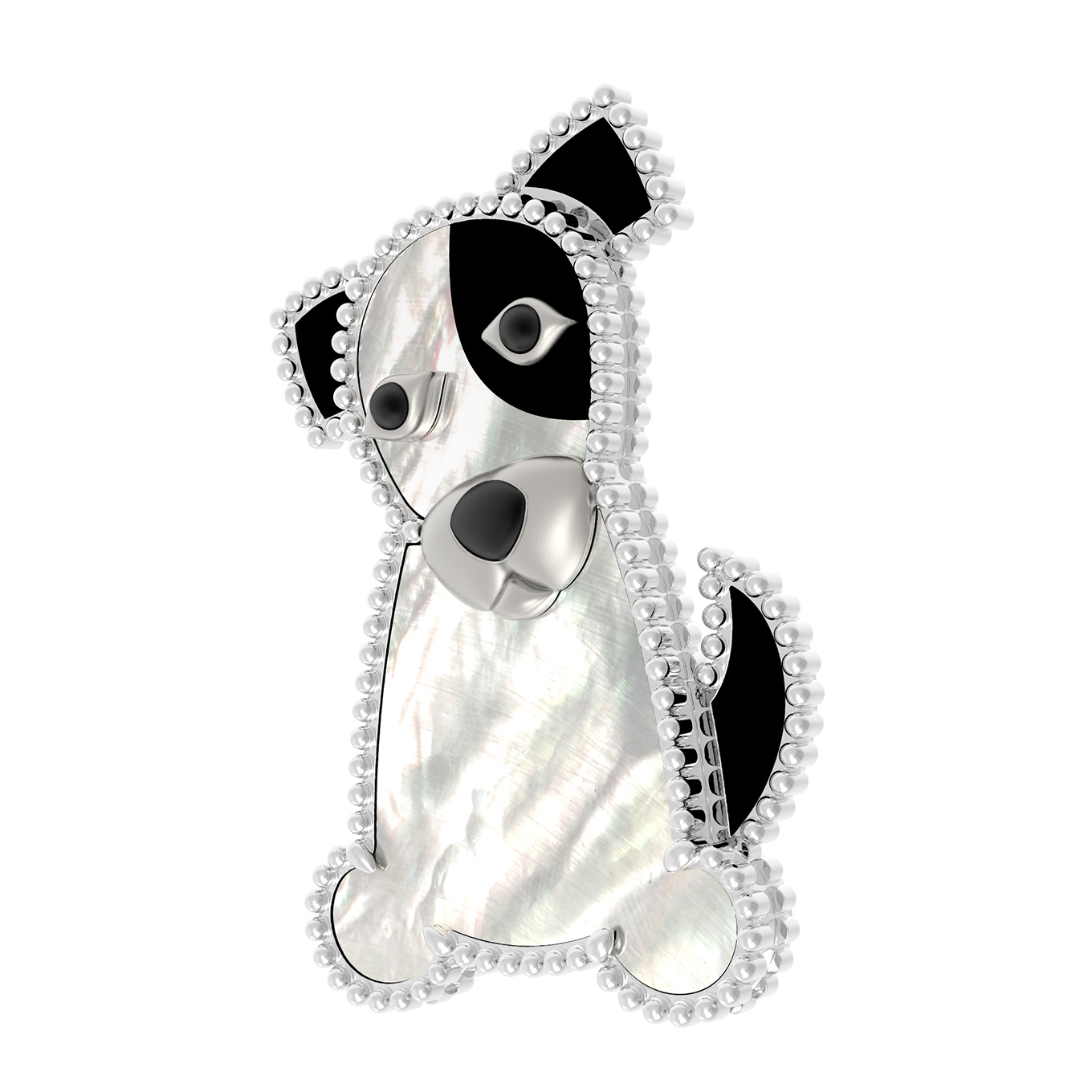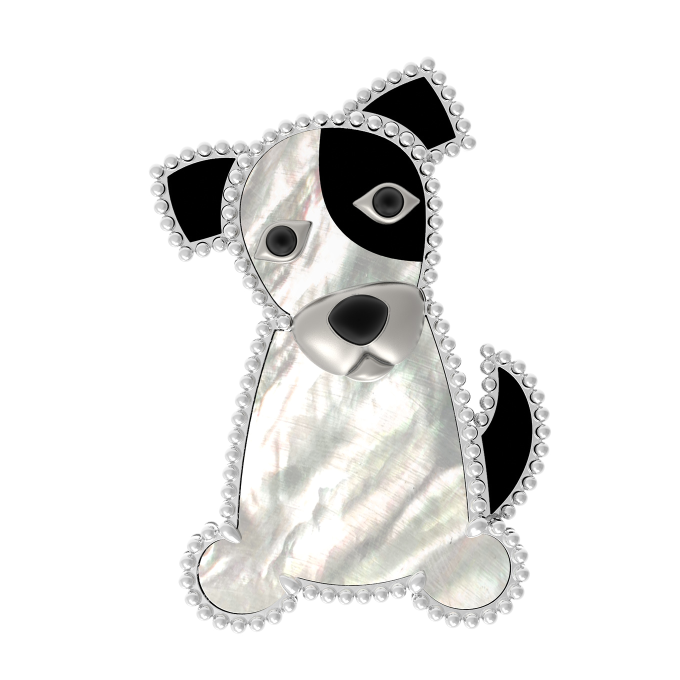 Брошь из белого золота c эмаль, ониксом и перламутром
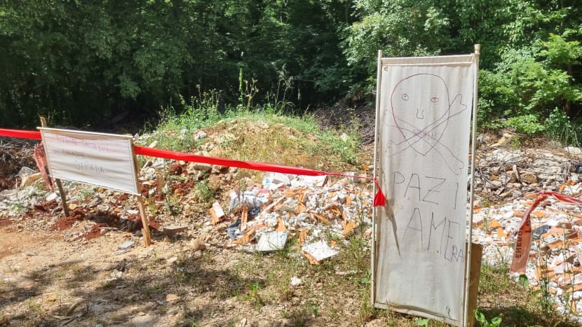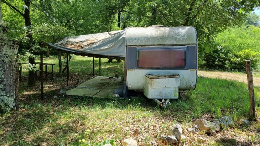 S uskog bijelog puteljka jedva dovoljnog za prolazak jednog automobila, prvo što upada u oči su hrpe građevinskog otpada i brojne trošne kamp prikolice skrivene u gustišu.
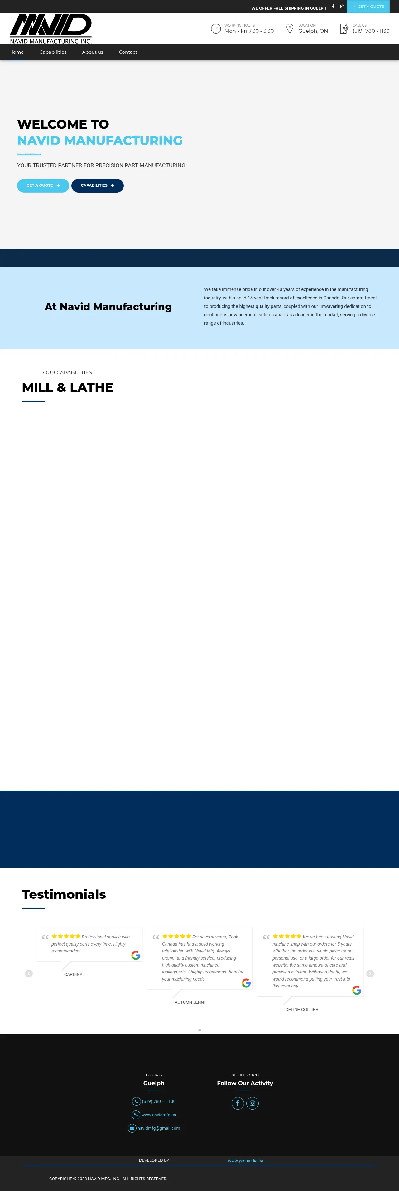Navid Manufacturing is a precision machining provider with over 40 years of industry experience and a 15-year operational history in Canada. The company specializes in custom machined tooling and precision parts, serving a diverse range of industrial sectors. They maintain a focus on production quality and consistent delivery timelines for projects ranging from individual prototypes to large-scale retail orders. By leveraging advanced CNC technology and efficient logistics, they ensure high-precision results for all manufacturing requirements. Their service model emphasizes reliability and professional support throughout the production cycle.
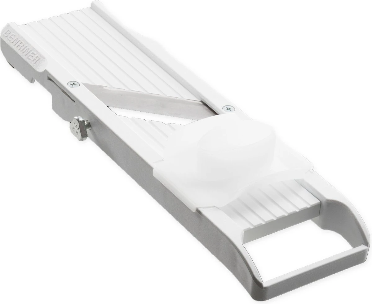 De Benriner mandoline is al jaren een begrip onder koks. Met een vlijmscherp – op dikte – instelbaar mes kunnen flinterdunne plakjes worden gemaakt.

_PROBLEM:_ Every line from the start of the listing above through the line with "S uskog bijelog" should be repeated exactly; skip the pictures and add nothing else.

_REPLY TO THE TASK:_
 Брошь из белого золота c эмаль, ониксом и перламутром
 S uskog bijelog puteljka jedva dovoljnog za prolazak jednog automobila, prvo što upada u oči su hrpe građevinskog otpada i brojne trošne kamp prikolice skrivene u gustišu.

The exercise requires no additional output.